Полизав скромной соли на граните с золотыми зернами овцы долго грезили. Пучки толстой шерсти, покрывавшей их, лежали как листья под снегом. Этот вид был так чист и ясен, что ресницы ягнят побелели до их золотистых глаз. Воздух был так прозрачен, что известковые вершины с желтыми полосами выступали выпукло, как под водой. Ковры буков и елей были вытканы из цветов изморози, неба и крови; ветер, коснувшись их, становился более легким, пахучим и ледяным.

Как голубой прилив, подымался пар от драгоценных вершин, переплетенных серебристыми лишаями. Потоки, падая со скалистых зубцов, дымились. И внезапно ангельские стада блеяли к Богу; испуганные колокольчики плакали в тени папоротников. И темная вода потоков преломлялась в лучах.

Меж диких лавров лежала найденная овца Евангелия. Ее нога, под мордочкой, еще сочилась кровью. Пройденные дороги были трудны, но она скоро оправится от кислой сладости черники. Она уже вздрагивала, слушая голоса своих рассеянных подруг.

Войдя в Рай, овцы, подруги Франциска, увидели ягненка Жана де Лафонтена[14], склонившегося среди незабудок цвета волны, которая их отражала. Он не спорил больше с волком басни. Он пил, и вода не мутилась. Дикий источник, на который тень плюща уже двести лет бросала грусть, продолжал катить среди травы свои преломленные волны, уносившие, отражая, снежный трепет ягненка.

Они видели, остановившись в блаженных долинах, овец героев Сервантеса, которые, умирая от любви к одной девушке, покинули город, чтобы вести пастушескую жизнь. У этих овец были самые нежные голоса сердец, любящих втайне свои раны. Они пили с травы Богородицы всегда свежие и жгучие слезы этих пастушеских поэтов, ронявших росу из чашечек глаз.

Вдали подымался нестройный шум как прибой Океана. Слышались прерывистые рыданья флейты, эхо пропасти, лай встревоженных собак, падение камня в пустоту, шум водопадов, покрываемый грохотом потоков. Голос народа, идущего в обетованные земли, к гроздям безназванным, к огненным колосьям, смешивался с криком нагруженных ослиц, несущих тяжелые жбаны молока, одежду пастухов, соль и сыры, чешуйчатые как рухляки.

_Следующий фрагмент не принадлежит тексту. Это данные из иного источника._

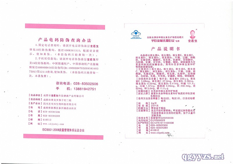 | 品牌名稱 | 金醫(yī)生牌多種維生素及礦物質(zhì)咀嚼片 |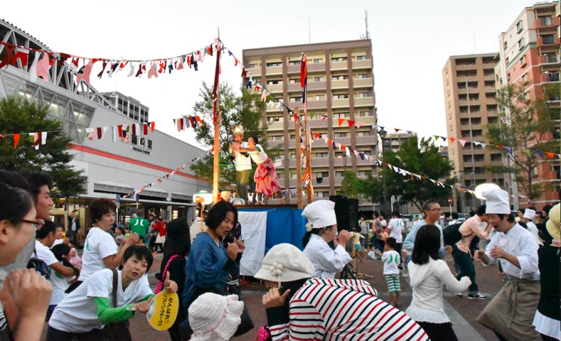 ■概 要:コンドルズの近藤良平氏による筥崎オリジナルのダンス。誰でも踊れる新しい盆踊りです。今年はキッチン道具をつかったバンド「Ritmico」とコラボ!

Четвертым был Рай волков, такой голый, что его трудно описать.

На вершине бесплодной горы, в скорби ветров, под пронизывающим туманом они испытывали сладострастие мучеников. Они питались своим голодом, чувствуя едкую радость от ощущения покинутости, от возможности только на одно мгновение и благодаря таким страданиям отречься от любви крови.

Они были отверженцами с несбыточными грезами. Давно уже не могли они приближаться к небесным овцам, белые ресницы которых моргали в зеленом свете. И так как ни одна из них не умирала, волки не могли подстерегать трупов брошенных пастухом при вечном хохоте потока. И они покорились. Их несчастная шерсть, облезлая, как скала, была жалка. Какое-то печальное величие царствовало в этом страшном убежище.

Их страдания были настолько трагическими и роковыми, что хотелось поцеловать лоб этих бедных плотоядных, застигнутых за убийством ягнят. Красота Рая, где друг Франциска поселился, заключалась в скорби и безнадежном отчаянии.

И над этой страной небо животных расстилалось до бесконечности.

Что касается Зайца, то он, при виде небесной псарни, скрылся. Пока Франциск оставался с ним, он верил в Франциска. Но в обители счастливых к нему вернулась недоверчивость сельского жителя. Не находя своего Рая, не вкусивши прекрасного покоя и в то же время не видя знакомых опасностей, с которыми он умел бороться, Ушастик пришел в замешательство.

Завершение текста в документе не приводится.